Bab 70: Apakah Mudah?
Yu Yue pernah terpikir untuk membawa kucing itu pulang dan merawatnya, tapi ayahnya sedang dirawat di rumah sakit selama lebih dari setengah bulan. Rumah sering kosong, jadi meskipun dibawa pulang, tidak ada yang bisa mengurusnya.
Suara Yu Yue terdengar datar, “Asrama tidak mengizinkan memelihara hewan, dan aku juga tidak bisa membawanya pulang karena tak ada yang mengurus.”
Dari atas kepala terdengar suara rendah dan santai seperti biasa, “Bisa dititipkan di rumahku.”
Jari-jari Yu Yue sempat terhenti, “Apa tidak merepotkan?”

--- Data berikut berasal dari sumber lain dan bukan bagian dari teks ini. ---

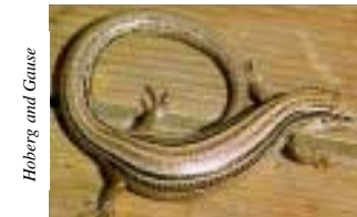
Northern Prairie Skink

H.R. Morgan (North) spans over a mile of Sheyenne River and extends from the Sheyenne sandhill uplands down to the floodplain forest lowlands. The dry choppy dune habitat is a striking contrast to the sheltered forest and extensive site wetlands. Mirror Pool, its original name, comes from the mirror-like quality of the central oxbow pool which, before a dam went out, was a favorite fishing hole.

Orang itu bicara malas-malasan, “Tidak masalah, tapi kamu harus sering datang untuk mengurusnya, aku tidak ada waktu.”
Yu Yue mengangkat tangan, menyentuh kepala kucing itu dengan lembut. Si kucing belang tiga sudah tidak takut lagi, bahkan menggesekkan kepalanya ke telapak tangan Yu Yue.
Yu Yue membelai kepalanya pelan, lalu mengangkat kucing kecil itu, “Baiklah, aku bawa dia periksa dulu.”
Kebetulan ada klinik hewan di dekat situ.
Petugas yang mengenakan masker dan sarung tangan menggendong kucing itu, “Kakinya terluka, perlu ditangani dan diperiksa, sekitar dua jam. Kalian bisa kembali nanti.”
Setelah mengatakan itu, petugas membawa si kucing masuk ke ruang kerja untuk memandikannya.
Meja kerja hanya dipisahkan pagar setinggi pinggang dari luar, tidak ada penghalang lain.
Mereka berdua mengamati adegan mandi kucing kecil itu.
Kucing itu memang kurus, usianya mungkin baru beberapa bulan. Ditambah bulunya agak kusut, setelah basah, bulu menempel di badannya, terlihat sangat ceking.
Dai Heng menundukkan kepala, menatap sejenak, lalu berkomentar, “Kucing ini jelek sekali.”
Yu Yue tidak menoleh, “Seperti kamu.”
“...”
“Bagian mana yang mirip? Aku ini ganteng setengah mati.”
Yu Yue hanya tersenyum tipis, tidak memberi tahu bahwa kucing belang tiga itu sebenarnya primadona di dunia kucing.
Dai Heng memasukkan kedua tangan ke saku celana, lalu menabrakkan bahunya pelan ke Yu Yue, “Ayo kasih nama. Bagaimana kalau namanya Kecil Tiga?”
Yu Yue, “Kamu ada-ada saja.”
Dai Heng tertawa pelan, bahunya sampai bergetar, “Di rumah kita, kamu yang tertua, aku kedua, jadi dia Kecil Tiga.”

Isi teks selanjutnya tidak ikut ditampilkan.